Academic and Research Division

University of Western Sydney

Campus : Penrith (Werrington North)

Building : AD

Room : AD.G.15

Locked Bag 1797

South Penrith NSW  2751

T: 61 2 4736  0072

F: 61 2  4736 0905

p.sefton@uws.edu.au

ANDS Program

Metadata Stores

Project Summary

This project adheres to NCRIS funding requirements.

Funded activities are limited to: installation, configuration and testing of software; manual creation of metadata (beyond that required for software specification and testing); scoping exercises or studies in the amount of research data available at an institution.

The project does not use NCRIS funds for the following activities:

  • purchasing of IT hardware for storage or any other purpose;

  • ongoing staffing; “proof of concept” software development;

  • funding of work by parties based outside Australia.

Any software development will be made available as open source.

Funding Sought

<removed>

Proposed project timeframe

10 months

Name of the person responsible for contract administration

<removed>

Names and affiliations of all collaborators if any

University of Newcastle – Vicki Picasso.

Other collaborators will be identified during the course of the project.

Background

The University of Western Sydney is undertaking the early stages of an internally funded project to establish a Research Data Repository [link added] (RDR) and associated infrastructure to support it. This project is being led by the eResearch Unit with the participation of IT, the Library and the Office of Research Services. The repository will consist of:

  • scalable, managed file storage for both working and archived data; 

  • access to virtualized computing infrastructure so that researchers can run data analysis tasks;

  • a research data catalogue containing metadata about data at a collection level for code-compliance, strategic research management and discovery purposes.

The storage component of the RDR was established in 2010. The next steps are to design the architecture that links the storage to computing infrastructure and cataloguing applications. This architectural work will be undertaken by the eResearch Unit, IT, and the University Library.

UWS has a nascent research data catalogue which is being established under ANDS project SC20.

Throughout this document the ‘metadata store’ for research data will be referred to as the ‘Research Data Catalogue’ to emphasise its role in the institution using a term that should be understandable to all stakeholders.

2.  Aims and Objectives

Alignment with ANDS Objective

already

to be

no

To manage metadata about data collections held at the institution

(some progress on SC20)

X

To enable discovery and reuse of data collections held at the institution

X

To support strategic planning for research in the institution

X

To ensure high quality metadata

X

Overview of project

The proposed metadata stores work outlined in this document will contribute to the RDR project by implementing the research data catalogue (metadata store) in the institutional context, establishing data sources for parties and activities from research and library systems, and providing an expanded platform for describing collections.

This will be built into an integrated system for recording catalogue-descriptions of research data collections with a view to it becoming the institutional research data catalogue for the university.

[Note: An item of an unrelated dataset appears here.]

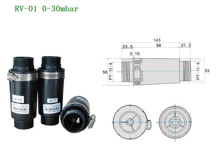 b、RV-01系列释压阀调适值为0-300mbar,RV-02系列释压阀的压力调适值为0-600mbar.
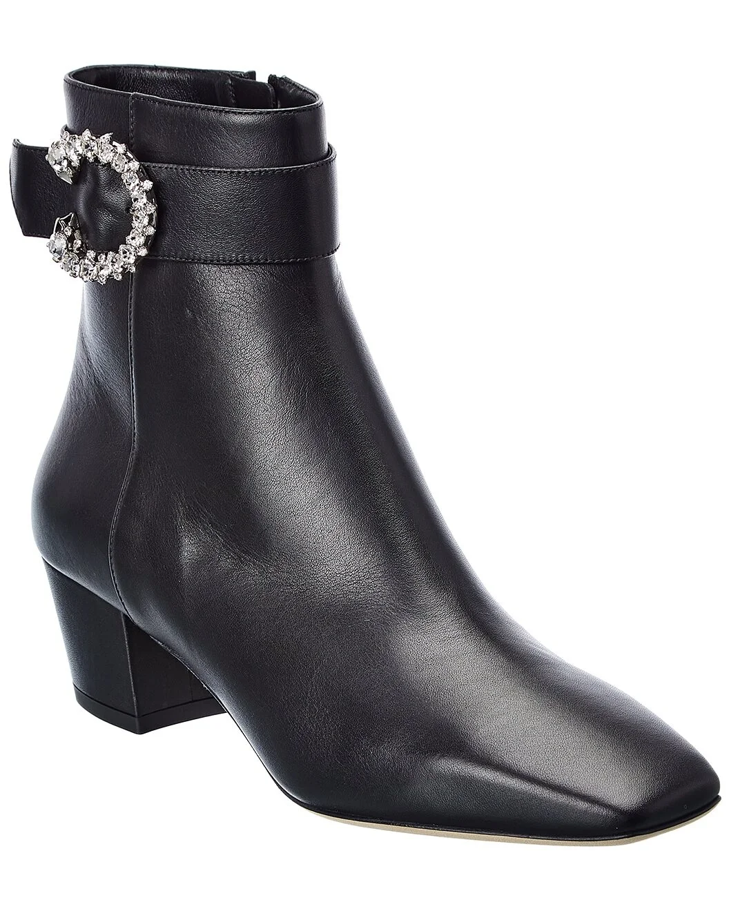 - About the brand: Born in London in the early 90's, Jimmy Choo was one of the first luxury brands to bring shoes and handbags to the red carpet. A playful sense of glamour and exceptional Italian craftsmanship separate Jimmy Choo from the rest, in Hollywood and beyond. - Please note: Size selections are European. For US conversions, please reference size chart. - Based on feedback from Members, this brand typically runs small. We suggest sizing up a half size for most styles. - Made in Italy - Myan 45 Leather Boot in black leather and silver-tone hardware with crystal embellished buckle - Inner side zip-up closure - Lightly padded leather insole - Smooth leather sole - 2in heel - 6in shaft - 10.5in boot circumference - Please note: All measurements are approximate and were taken from a size 37; slight variations may occur. - Our products are 100% genuine. In some cases we purchase merchandise from trusted independent suppliers and not directly from the brand owner. In all cases we stand by the authenticity of every product sold on our site.

There is opportunity for it to be collaboratively built to fulfil a broader set of institutional requirements than just those of the University of Western Sydney’s.

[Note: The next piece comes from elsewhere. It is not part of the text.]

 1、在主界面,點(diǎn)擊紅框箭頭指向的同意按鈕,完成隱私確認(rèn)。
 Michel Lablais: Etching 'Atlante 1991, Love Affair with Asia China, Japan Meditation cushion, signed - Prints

The University has chosen the ReDBox application as the research data catalogue to fulfil functional requirements under SC20. This Metadata Stores project will explore how it can be expanded to be the basis of the University’s institutional research data catalogue, and seek alternative and additional software solutions if necessary. It is proposed to conduct this analysis in concert with other institutions using the same software and/or with similar requirements, so that any software developed or purchased has a broad user base.

Scope and boundaries

The project will focus on the following:

  • implementation of the core deliverables (D1-D6) suggested by ANDS, as none of these are fully established at UWS,

  • the establishment of workflows for identifying collections, and

  • the integration of data management planning into the broader research lifecycle.

The primary driver for this work is to establish a picture at UWS of where research data resides and to establish infrastructure for researchers to be able to store and describe their data for later re-use by themselves, their research teams and students, and more globally. This work will aim to meet UWS requirements for research management and practice as well as the ANDS goal of sharing collection descriptions.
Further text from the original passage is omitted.